Fig. 5 is the tactic pattern figure under Two-photon excitation spectra imaging pattern, in which: 3-1 is femtosecond laser, and 3-2 is light
Field distribution device, 3-3 are sample translation stage, and 3-4 is dichroscope, and 3-5 is objective lens, and 3-6 is steering reflection mirror, 3-7 first
Imaging lens group, 3-8 are imaging spectrometer, and 3-9 is the first ICCD.
Fig. 6 is two-photon excitation delay fluorescence detection living animal imaging device entirety control structure schematic diagram, wherein 3-5
For objective lens, 3-3 is sample translation stage, and 3-7 is the first imaging lens group,.

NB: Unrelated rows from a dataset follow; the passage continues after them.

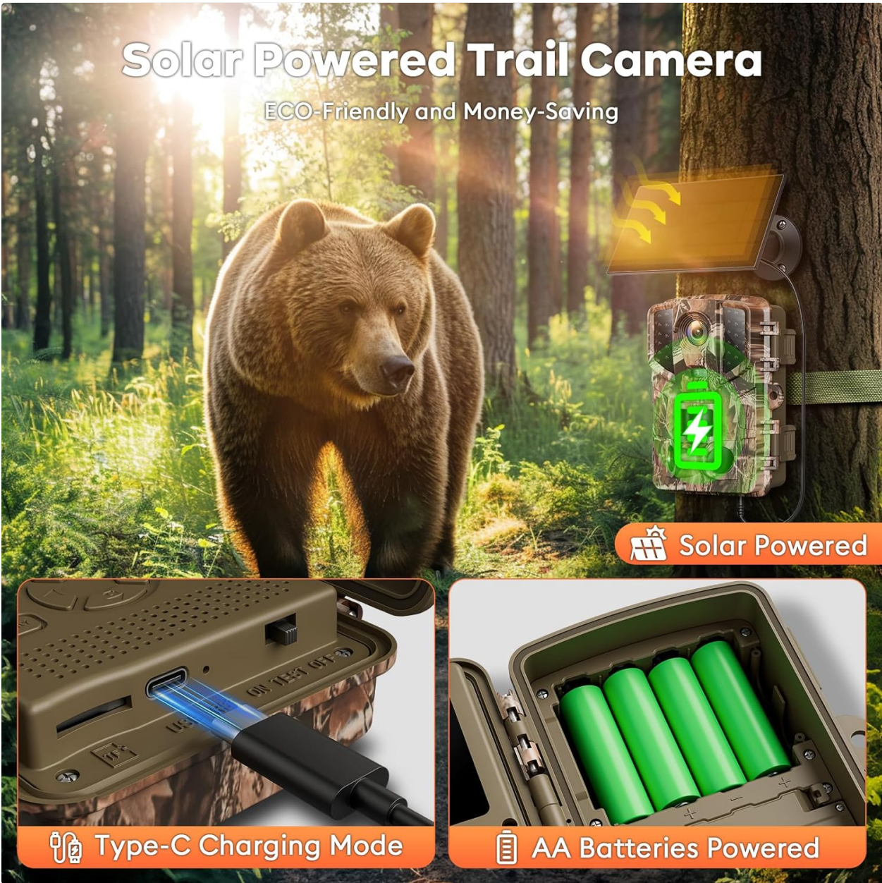
Image: Various power options for the Solareye Trail Camera, including solar, Type-C charging, and AA batteries.
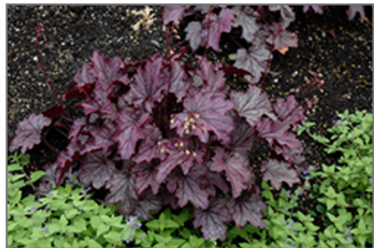
Spellbound Coral Bells
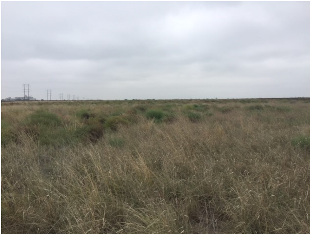
Figure 2. View from western end of APE toward center of APE showing typical vegetation across the APE; facing east.

Fig. 7 is in embodiment 1, and difference fluorescent nano probe fluorescence intensity changes over time curve in vivo, in which: a, Eu@
SMA-mPEG-RGD probe, illustration are enlarged drawing;B, Eu@SMA-Tf probe.
Fig. 8 is two-photon excitation delay fluorescence detection imaging and common double light in living animal imaging analysis in embodiment 2
Son excitation fluorescence imaging effect compares, in which: a, leg tumor-bearing mice light field figure;B, c is respectively before injecting fluorescent nano probe
Common Two-photon excitation fluorescence imaging result afterwards;D, e is respectively two-photon excitation delay fluorescence before and after injecting fluorescent nano probe
Detect imaging results;Scale is 2mm.
Fig. 9 shows i mage analysis methods investigation depth experimental result in embodiment 2, in which: a, adipose tissue simulated solution
(1%) fluorescence imaging;B is placed in the fluorescence imaging of the fluorescent nano probe under the adipose tissue simulated solution (1%) of 5mm thickness;c,
It is placed in the fluorescence imaging of the fluorescent nano probe under the adipose tissue simulated solution (1%) of 7mm thickness.
Figure 10 shows in embodiment 4, femtosecond laser optical field distribution regulating effect, wherein a, on perpendicular to beam direction
Incident femtosecond pulse conversion efficiency figure;B, the femtosecond pulse linear laser optical power after optical field distribution device shaping are close
Distribution map is spent, dotted line is the optical field distribution figure that line focus is directly carried out using cylindrical lens, and solid line is to control light through curved shape light field
The optical field distribution figure after cylindrical lens line focus is carried out after door screen again.
Figure 11 shows the fuel factor in embodiment 5 in two-photon excitation delay fluorescence detection imaging analysis.